A tecnologia CRISPR se baseia em uma estratégia imunológica que bactérias usam para detectar e remover DNA exógeno. A enzima de restrição Cas9 encontra seu alvo com a ajuda de uma sequência-guia de RNA que pesquisadores já conseguem modificar para visar praticamente qualquer gene de interesse.

A Editas não divulga os alvos que pretende atacar, mas a tecnologia pode ser testada pela primeira vez em doenças provocadas por uma única cópia genética incorreta, declara Feng Zhang, neurocientista do Instituto McGovern de Pesquisa Cerebral do Instituto de Tecnologia de Massachusetts, e um dos fundadores da Editas.

 A simples desativação da cópia que provoca a doença poderia abrir o caminho para que uma cópia saudável assuma o comando. Tratar doenças envolvendo duas cópias defeituosas de genes exigirá a correção do gene com a adição de DNA saudáel – um feito que, de acordo com Zhang, exigirá mais trabalho e modificações.

Competição acirrada

Abordagens convencionais de terapia genética usaram vírus para transportar DNA – um método comparativamente impreciso que pode introduzir genes benéficos, mas que não modifica sequências defeituosas.

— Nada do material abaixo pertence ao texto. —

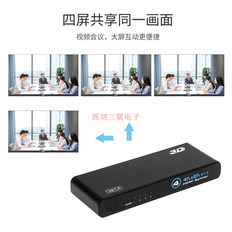 Industrial grade HDMI dispenser 1 in 2 4 out of high picture quality TV split screen 3D film 10%-4 divider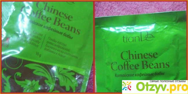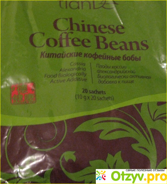 Китайские кофейные бобы употребляют для детоксикации организма, очищения, борьбы с лишним весом, отеками. К тому же эти бобы очищают печень, выводят токсины, нормализуют давление, и даже улучшают зрение. Так нам обещает производитель - китайская фирма ТианДе.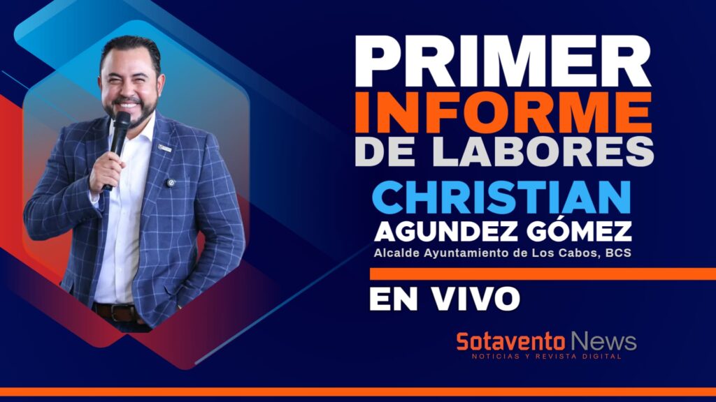 Este sábado 15 de noviembre sigue la transmisión del 1er Informe de Labores desde la Plaza León Cota Collins, en Cabo San Lucas, donde el presidente municipal Christian Agúndez presentará los avances, acciones y resultados alcanzados durante el primer año de administración, bajo el eje Transformación Con Cambio.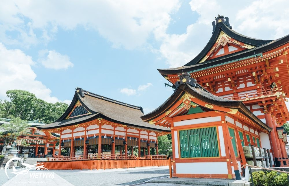 • Đền Fushimi Inari (đền 1000 cột) thờ phụng Inari – vị thần phù hộ cho mùa màng bội thu và kinh doanh phát đạt. Con đường với những cánh cổng Torii màu cam rực rỡ dường như vô tận chạy dọc lên núi Inari tạo nên một khung cảnh ấn tượng và là một trong những hình ảnh nổi tiếng nhật Nhật Bản.

A edição de genes específicos que a Editas está tentando fazer só foi dominada por uma empresa até o momento: a Sangamo BioSciences de Richmond, na Califórnia. A Sangamo usa um sistema diferente: nucleases com íons zinco (zinc finger), para recortar e desativar genes de interesse.

Muitos pesquisadores declaram que a CRISPR é mais fácil de usar e personalizar se comparada a nucleases zinc finger, mas a Sangamo tem uma boa vantagem sobre a Editas. Os testes clínicos da empresa estão mostrando resultados encorajadores ao usar zinc finger nucleases para interromper a codificação genética de uma proteína de superfície celular usada pelo HIV para invadir células do sistema imune.

“A CRISPR pegou o mundo acadêmico de surpresa, e é uma tecnologia nova bastante empolgante”, declara Philip Gregory, diretor científico da Sangamo.

Mas, de acordo com ele, ainda existem vários problemas a resolver, incluindo estudos que sugerem que a Cas9 pode fazer cortes em locais inesperados no genoma. Zhang explica que várias equipes, inclusive a sua, estão trabalhando para aumentar a especificidade da enzima, e que já obtiveram progresso.

As duas empresas esperam obter a aprovação da Food and Drug Administration dos Estados Unidos (FDA). “A FDA nunca aprovou um produto de terapia genética”, observa Nicholas Bishop, analista de biotecnologia da Cowen and Company em Nova York. A área está se recuperando lentamente de alguns fracassos importantes e letais com testes iniciais de terapia genética baseada em vírus. Atualmente, de acordo com Bishop, “o clima dos reguladores está melhorando consideravelmente”.

Este artigo foi reproduzido com permissão da revista Nature. O artigo foi publicado pela primeira vez em 2 de dezembro de 2013.